Kulu la Tortue avait une irrésistible envie de ces délicieuses noix. Elle traînait au bord du champ pour observer les noix qui embellissaient à vue d’œil. Quand arriva le moment des récoltes, prétextant d’aller en voyage, Kulu fit un long détour et s’introduisit discrètement dans le champ. Elle gouta à une juteuse noix. Puis à une deuxième. Elle revint tous les jours et dégusta de nombreuses noix.

Un jour, Zé réunit les siens pour l’aider à récolter son champ. Elle ne voulait pas que ses noix lui soient volées. Quand elle entra dans le champ, elle constata avec surprise qu’une grande partie des noix avait disparu. De rage, ses larmes coulèrent.

Elle cria :

– « Oh malheur ! Qui a osé me voler mes noix de cola ? »

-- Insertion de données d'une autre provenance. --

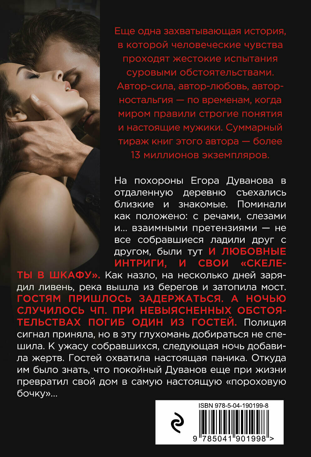 На похороны Егора Дуванова в отдаленную деревню съехались близкие и знакомые. Поминали как положено: с речами, со слезами и… с взаимными претензиями — не все собравшиеся ладили друг с другом, были тут и любовные интриги, и свои «скелеты в шкафу». Как назло, на несколько дней зарядил ливень, река вышла из берегов и затопила мост. Гостям пришлось задержаться. А ночью случилось ЧП. При невыясненных обстоятельствах погиб один из гостей. Полиция сигнал приняла, но в эту глухомань добираться не спешила. К ужасу собравшихся, следующая ночь добавила жертв. Гостей охватила настоящая паника. Откуда им было знать, что покойный Дуванов еще при жизни превратил свой дом в самую настоящую «пороховую бочку»…

Son cri fut tellement fort que les fruits tombèrent des arbres. Les animaux affolés, coururent vers elle. Les éléphants ravagèrent les champs sur leur passage. Les hippopotames, les lions en firent autant. Panique générale !

L’araignée arriva et dit :

– « Majesté que votre colère nous épargne. Je ne sais pas ce qui vous a mis en colère mais accordez votre pardon. »

– « Majesté, dit l’éléphant, celui qui a gouté à tant de noix n’a certainement pas encore fini de les mâcher. Que chacun ouvre sa gueule pour voir ».

Les animaux furent tous alignés gueules ouvertes. La chèvre était encore en train de ruminer ses herbes quand le lion vérifia sa bouche. Il y vit le signe de sa culpabilité et elle fut accusée de vol.

Discrète, la tortue fit comme si de rien n’était. Mais au moment où Zé la Panthère voulut sauter sur la chèvre, l’éléphant qui reculait marcha sur la tortue qui régurgita deux noix.

Accusée à son tour, la tortue nia et insista sur la culpabilité de la chèvre.

Affolée, cette dernière demanda à Zé la panthère de vérifier les empreintes de pattes dans son champ.
Le lion fit le tour du champ sur ordre de Zé et revint comme une flèche.

Il dit à Zé :

– « Majesté, je n’ai vu que les traces de vos pattes et celles de la tortue dans le champs »

Zé la Panthère se précipita, furieuse, sur la tortue, la prit dans sa gueule et la jeta sur un gros arbre. C’est ainsi que la belle carapace lisse qui la couvrait se fissura superficiellement. La chèvre quant à elle fut libérée.

En guise de leçon, Zé demanda à la tortue de replanter son champ de colas, de le surveiller et de le remettre comme il était. Et c’est ce que fit Kulu.

Une fois le nouveau champ récolté, Kulu demanda pardon à Zé.

Zé prit la plus belle des noix et en offrit une moitié à Kulu. Et c’est ainsi que la panthère et la tortue devinrent de bons amis. Depuis on dit que : « La cola ne se brise que pour sceller l’amitié ».